10.Correlation between methylation of interferon regulatory factor 6 gene promoter in renal tissues and overall survival of patients with Kidney renal clear cell carcinoma
Jiexin ZHANG ; Can CHEN ; Yuang WEI ; Linyuan CHEN ; Pengfei SHAO ; Huaguo XU
Chinese Journal of Medical Genetics 2024;41(2):150-156
Objective:To assess the prognostic value of methylation of interferon regulatory factor 6 ( IRF6) gene promoter in patients diagnosed with Kidney renal clear cell carcinoma (KIRC). Methods:The primary lesions of fifty KIRC patients who were diagnosed at the First Affiliated Hospital of Nanjing Medical University from January 2016 to January 2020 were collected. The expression of IRF6 protein was determined with an immunohistochemical method. The correlation between the level of IRF6 expression and survival and/or metastasis status was analyzed. The mRNA and protein levels of the IRF6 in KIRC and normal renal tissues were compared by using bioinformatic tools. The difference in the methylation rate of the IRF6 gene promoter between tumor and adjacent tissues was analyzed by searching the online databases. Statistical analysis was carried out for the methylation status of the IRF6 gene promoter region to select those negatively correlated with the overall survival (OS) among the patients.
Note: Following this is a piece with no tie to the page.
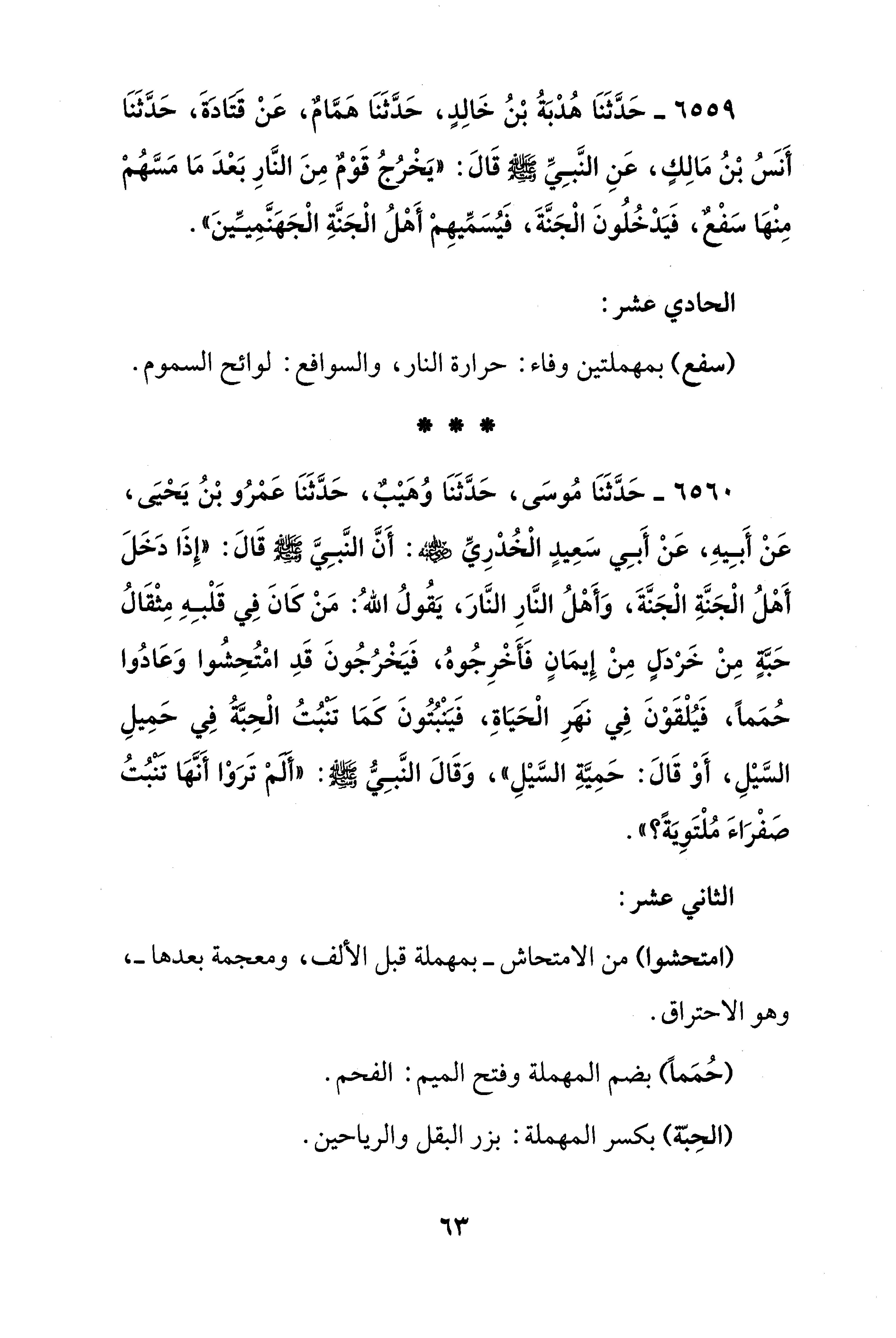 6559 - حَدَّثَنَا هُدْبَةُ بْنُ خَالِدٍ، حَدَّثَنَا هَمَّامٌ، عَنْ قتادَةَ، حَدَّثَنَا أَنسُ بْنُ مَالِكٍ، عَنِ النَّبِيِّ - صلى الله عليه وسلم - قَالَ: "يَخْرُجُ قَوْمٌ مِنَ النَّارِ بَعْدَ مَا مَسَّهُمْ مِنْهَا سَفْعٌ، فَيَدْخُلُونَ الْجَنَّةَ، فَيُسَمِّيهِمْ أَهْلُ الْجَنَّةِ الْجَهَنَّمِيِّينَ".

In vitro experiments were conducted with cell lines to verify the correlation between the status of promoter methylation and transcription level of the IRF6 gene. Results:The mRNA and protein levels of the IRF6 gene in KIRC tissues were significantly lower than those of the normal controls, and this was more prominent in patients who had died or developed metastasis. The extent of IRF6 gene promoter methylation in the KIRC tissues was much higher compared with that of the adjacent normal renal tissues. There was a significant negative correlation between the methylation of the IRF6 gene promoter and mRNA level of the IRF6 ( R= -0.52). The higher methylation degree in the IRF6 gene promoter regions cg12034118 and cg16030177, the shorter the OS and worse prognosis in the patients. Only twenty CpG sites in cg12034118 were confirmed to be highly methylated in KIRC cell lines. The transcription level of the IRF6 gene was upregulated in a time- and dose-dependent manner after the treatment with demethylation reagent 5-azadeoxycytidine. Conclusion:The methylation of IRF6 gene promoter in the renal tissues of KIRC patients is closely correlated with the OS. Cg12034118 may provide a promising biomarker for laboratory detection, and its high methylation rate has certain reference value for the prognosis.